# Contact info please



## Phil Edwards (Jan 22, 2004)

Hey folks,

I'm helping to compile a list of aquatic plant and freshwater aquarium clubs and am in need of a point of contact for NEAPS. If someone would please send me a PM with the info I would greatly appreciate it.

Thanks,
Phil


----------



## vancat (Nov 5, 2004)

Hey Phil, we are defunct!
It was Bailin, Dennis Deitz and I (Penny)....but no club for a few years now.


----------



## Jane of Upton (Jul 28, 2005)

Yeah, sadly no longer active. Members were spread across an area from CT to NH, so it was tough to get consistent turnout at meetings.

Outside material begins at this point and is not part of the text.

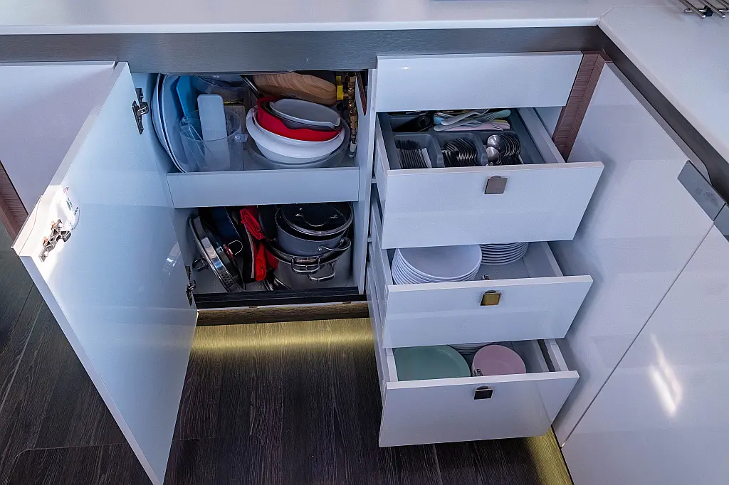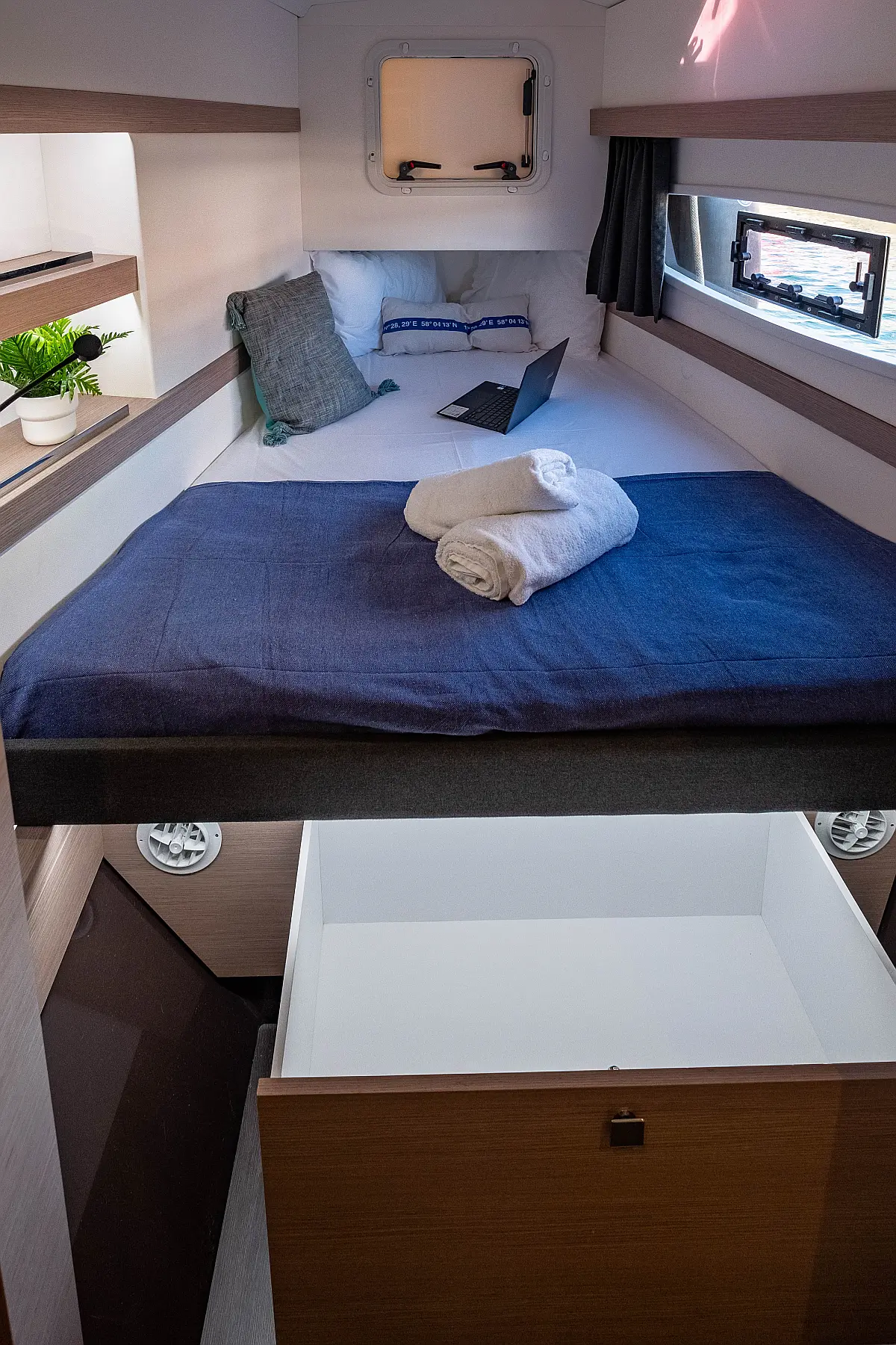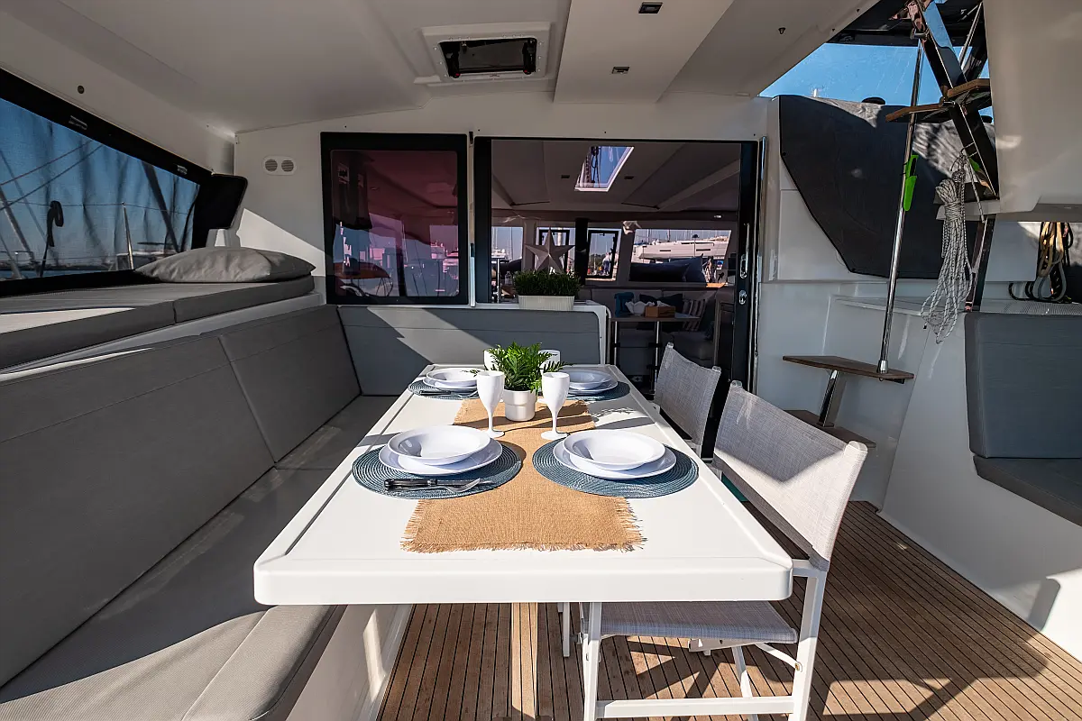 Refrigerator, Cockpit speakers, Electric winches, Dinghy, Air condition, Generator, Inverter, Electric toilet, Solar Panels, Water maker, Outboard engine, Cockpit cushions, Teak Cockpit

Someone tried to resurrect a New England area club, and I think they had a few meetings, but I'm not sure what became of that.

Phil, if you're gathering info, I wonder if we could have a regional round-table kind of thing? Or maybe something with 3 or 4 meetings a year, so its a larger gathering.

Just some thoughts.
-Jane


----------



## vancat (Nov 5, 2004)

Hey Jane, are you a member of the AGA?


----------



## Jane in Upton (Aug 10, 2005)

Hi,

Yes Penny, I'm a member now.


Sorry, used "old" log on brought over from the Wet Thumb days for that previous post. 

Will you be going to NEC? I'd think probably. Have a GREAT time!

-Jane


----------